1 in 3 terrorists are technologists

Recently I was reading an article in a journal about terrorism that referenced research that reported that one in three ISIS and Al Qaeda members is a technologist. While I was in conversations with researchers with Homeland Security, they observed that Al Qaeda is best understood as a media driven ideological movement.

True to this definition, ISIS sends about 90 tweets per minute. Cursory research on Christian use of Twitter to reach out to unbelieving world is it is significantly less than ISIS (actually Mormons are into this in a big way). If I had to guess, it would be in the single digits per minute, most likely less than five.

Cursory research on Christian use of Twitter to reach out to unbelieving world is it is significantly less than ISIS

1 in 1500 Christian missionaries are technologists

I currently work with several technologists on a variety of projects, and from our estimates, in Christian missions efforts there is only about one technologist for every 1500 missionaries. Again, if we assume that Christianity is a media driven ideological movement (we use media to proclaim the best news), then we can, on some level, compare the use of media strategies of radical Islam with Christian missions. One to three as compared to one to 1500 is a sad comparison. Even if my estimates are way off and the real number is one-fourth of 1500, one in 375, then we are still under 1% of what radicals are using to reach their audience. We may have a better message; we just are not delivering it.

By 2021, 3.8 billion people in the world will own a smartphone. Yet most of our media strategies are more or less refining second-generation thinking without considering the implications of this tsunami in technology.

Yet most of our media strategies are more or less refining second-generation thinking without considering the implications of this tsunami in technology.

We must think differently

Great opportunities are before us. But as Albert Einstein observed: “Problems cannot be solved with the same mind set that created them.” We have to think differently.

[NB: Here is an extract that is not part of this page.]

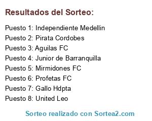 Lista de participantes: Junior de Barranquilla, Pirata Cordobes, Aguilas FC, Mirmidones FC, Profetas FC, Independiente Medellin, United Leo, Gallo Hdpta.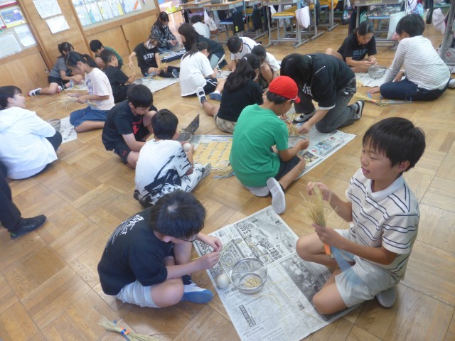 バケツで作った稲の脱穀作業を行いました。手で行うことで昔の人のすごさや大変さを実...

We need to move beyond thinking, “what is” and begin dreaming “what will be.” As I have written before, when Gutenberg invented the printing press to mass-produce Bibles, only one third of Europe could read. As a technologist, he and his small minority of cohorts changed the world. Our lesson is to dedicate ourselves to a new level of thinking.

Recently I was talking with a technologist who grasped the significance of the disparity of the shortage of tech missionaries and the wave of opportunity that will most likely be missed (and handed over to Mormons and Jihadis). She mused that a main reason we will miss this opportunity is the way we view missionaries and mission. Paul’s strategy was identifying “world changers” using targeted communications strategies (a third generation media strategy). We need a new breed of missionaries who take advantage of innovations that are changing the world.